OAKLAND, CA—Homo leagues all-star Tyler Patton shattered baseball's long-standing sexual orientation barrier Monday by signing a four-year, $10.5 million contract with the Oakland A's.

Patton, 23, whose speed, nifty fielding, and dependable hitting made him a homo-league sensation in only three seasons with the Kansas City Gay Royals, is Major League Baseball's first openly gay player.

"I had heard Oakland was interested, but you hear rumors all the time," Patton said in a press conference after his signing. "I was just concentrating on playing baseball, and then last week I got the call. Honestly, I know people think my being gay is a big deal, but I still just want to help the A's past the Angels."

Oakland general manager Billy Beane said Patton's commitment to the sport above and beyond his personal issues is the reason he chose to pursue the second baseman.

"Coming here from the homo leagues, Patton's in for a lot of heat from the fans," Beane said. "And not just the fans. Every time they talk about his open stance, every time he throws a guy out from his knees, every time he goes deep in the hole, there's going to be an uncomfortable silence at the very least. But I believe Patton has the focus to put that aside and just play."

Reactions from MLB have been mixed, with most teams declining any official comment, and commissioner Bud Selig saying in a radio interview Tuesday morning that the historic signing was "fine, if that's what the A's want to do, I guess." However, many insiders say the move to involve gay players has been a long time in coming.

"Though it draws only 10 or 15 percent as many fans as the majors, the Homo Leagues have a history of community, fantastic play, and above all, pride," sportswriter Peter Gammons said when the signing was announced. "The league's faithful have stood by their men from its inception in the '30s, through the so-called 'frisky ball' era of the '50s, past the league-wide amyl nitrate abuse scandal of the '70s, and on to the Log Cabin schism of the '90s.
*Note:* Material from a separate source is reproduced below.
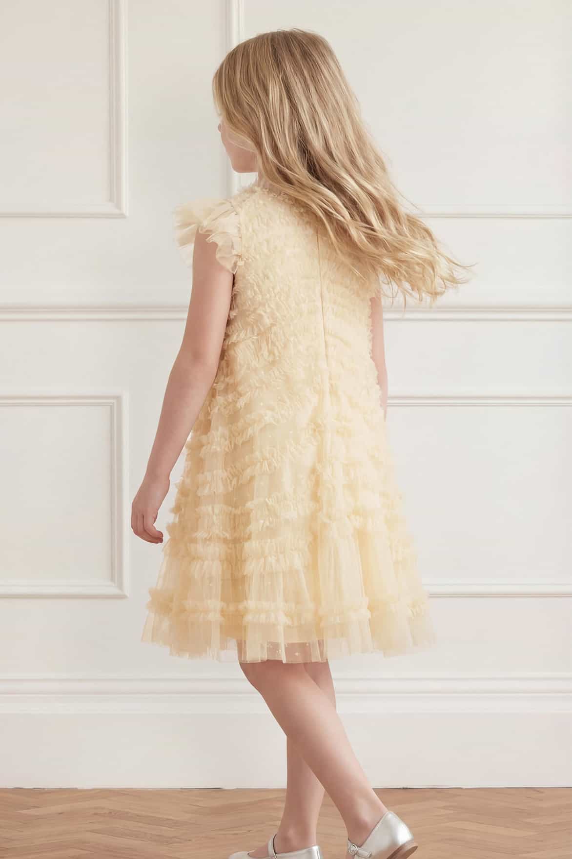 NEW SEASON | NEEDLE & THREAD EXCLUSIVE. The Amara Ruffle Sleeve Kids Dress in Lemon Sorbet. Designed with a relaxed shape, this dress features delicate ruffle sleeves and a full, twirl-worthy skirt with soft layered volume. Inspired by dreamy garden blooms, it feels light, special and comfortable. Beautifully complemented by coordinating the Amara Backless Ballerina Dress.

But what so often gets lost in all this is that Homo League players can flat-out play baseball. Now, after decades during which gay fans had nothing in the major leagues to call their own, save for perhaps some of the mustaches, Patton finally gives them someone to root for."

Still, Patton's critics, while stopping well short of bigotry, point to HLB's reputation for fast-paced, high-strung, often flashy baseball, and speculate on whether Patton will hold up. Many say his gaudy .342 batting average, .4353 on-base percentage, and three Gold Lamé Glove awards during three seasons in the homo leagues are meaningless in terms of his future success.

"Sure, Tyler did well against homo-league pitching," Skip Bayless said Tuesday on ESPN's 1st and 10. "But he's not playing against the Boston Pink Sox or the New York Gay Yankees anymore. In fact, the Gay Yankees didn't even pursue him last season when they needed a second baseman. I wish him all the luck in the world, but I think he's a gay bust."

Many baseball insiders, while acknowledging the social value of Patton's signing, struggled to discuss the implications of a homo-league star playing in the majors.

"Er, I, uh, well, I wish Patton good luck, and you know, we'll, um, I guess we'll wait and, uh, wait and see," said Baseball Tonight commentator Jon Kruk, who seemed unable to look directly at his cohosts or into the camera while discussing Patton's signing. "Good luck, Patton. I mean, uh, yeah."

Patton himself, who is scheduled to start next week, says he cannot wait to put the hype behind him.

"Yes, it'll be difficult, not because I'm gay, but because it's Major League Baseball," Patton said. "Plus, let's face it—do you seriously think I'm the first gay major-leaguer ever? Seriously? And before anyone says anything, you are all just so wrong about Mike Piazza."